═════ Provided data

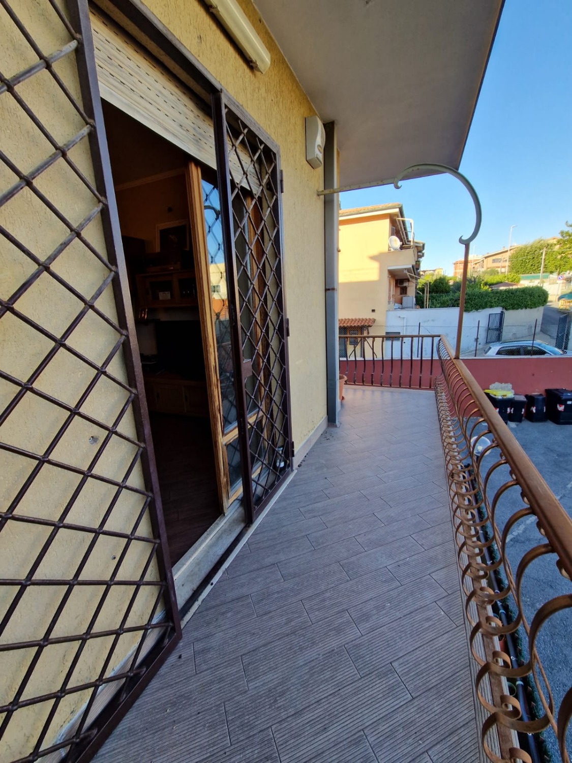MARINO - Santa Maria delle Mole - Via Giacomo Leopardi Trattiamo la vendita di un appartamento posto al primo piano in contesto tranquillo e verdeggiante (vicino al parco dell'appia antica) disposto su unico livello di 110 mq composto da ampio salone, cucina separata con ampia finestra, comodo disimpegno dove è facilmente ricavabile un ripostiglio o un piccola zona studio, due comode camere, doppi servizi di cui uno con finestra e doccia e un ampio balcone di 14 mq. Riscaldamento autonomo, aria condizionata nel salone e nelle camere, grate di sicurezza e posto auto di proprietà nella corte condominiale.
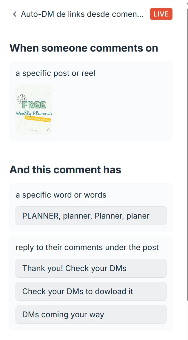I have created this automation but the answer under the comments doesn’t trigger. But the rest of the automation does work, the DM and such..
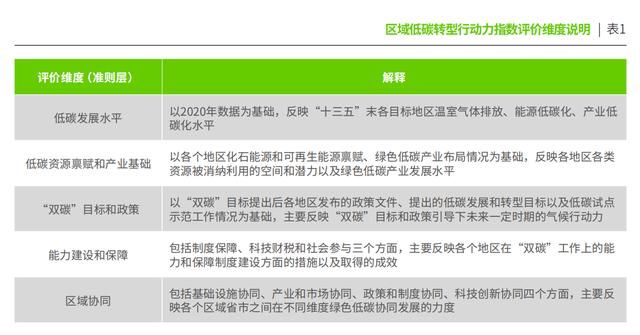 區(qū)域低碳轉型行動力指數(shù)評價維度說明。綠色和平供圖
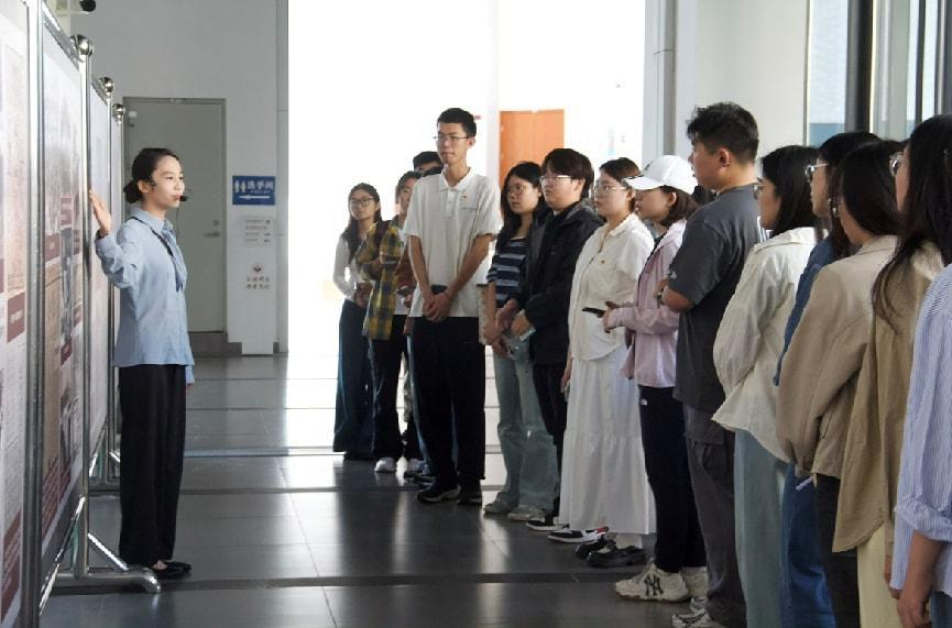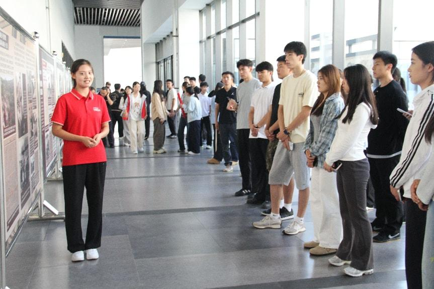 在本次展览中,学部学生宣讲团志愿者担任讲解员为前来观展的学校机关各部门、各学院(部)师生讲解陈列内容。讲解团成员经过短期集中培训,结合图文史料,娓娓道来一段段峥嵘岁月,展现了学部学子良好的精神风貌、扎实的专业知识和深厚的家国情怀。他们立足济南抗战的真实历史现场,对济南抗战的历史细节、精神内核与时代价值进行思考,以“可触摸、可讲述、可共情”的方式丰富了思政课实践教学形式,让学生在与历史的对话中、从本土先烈的抗争精神中汲取力量,切实实现了爱国情怀、民族责任感与政治思想品质的同步提升,营造了浓厚的爱国主义教育氛围。

══════════

* _Brief_: Pictures are to be left out; otherwise, copy exactly each line from the one containing "區(qū)域低碳轉型行動力指數(shù)評價維度說明。綠色和平供圖" through the last line of the listing.

* _Answer to this exercise_:
 區(qū)域低碳轉型行動力指數(shù)評價維度說明。綠色和平供圖
 在本次展览中,学部学生宣讲团志愿者担任讲解员为前来观展的学校机关各部门、各学院(部)师生讲解陈列内容。讲解团成员经过短期集中培训,结合图文史料,娓娓道来一段段峥嵘岁月,展现了学部学子良好的精神风貌、扎实的专业知识和深厚的家国情怀。他们立足济南抗战的真实历史现场,对济南抗战的历史细节、精神内核与时代价值进行思考,以“可触摸、可讲述、可共情”的方式丰富了思政课实践教学形式,让学生在与历史的对话中、从本土先烈的抗争精神中汲取力量,切实实现了爱国情怀、民族责任感与政治思想品质的同步提升,营造了浓厚的爱国主义教育氛围。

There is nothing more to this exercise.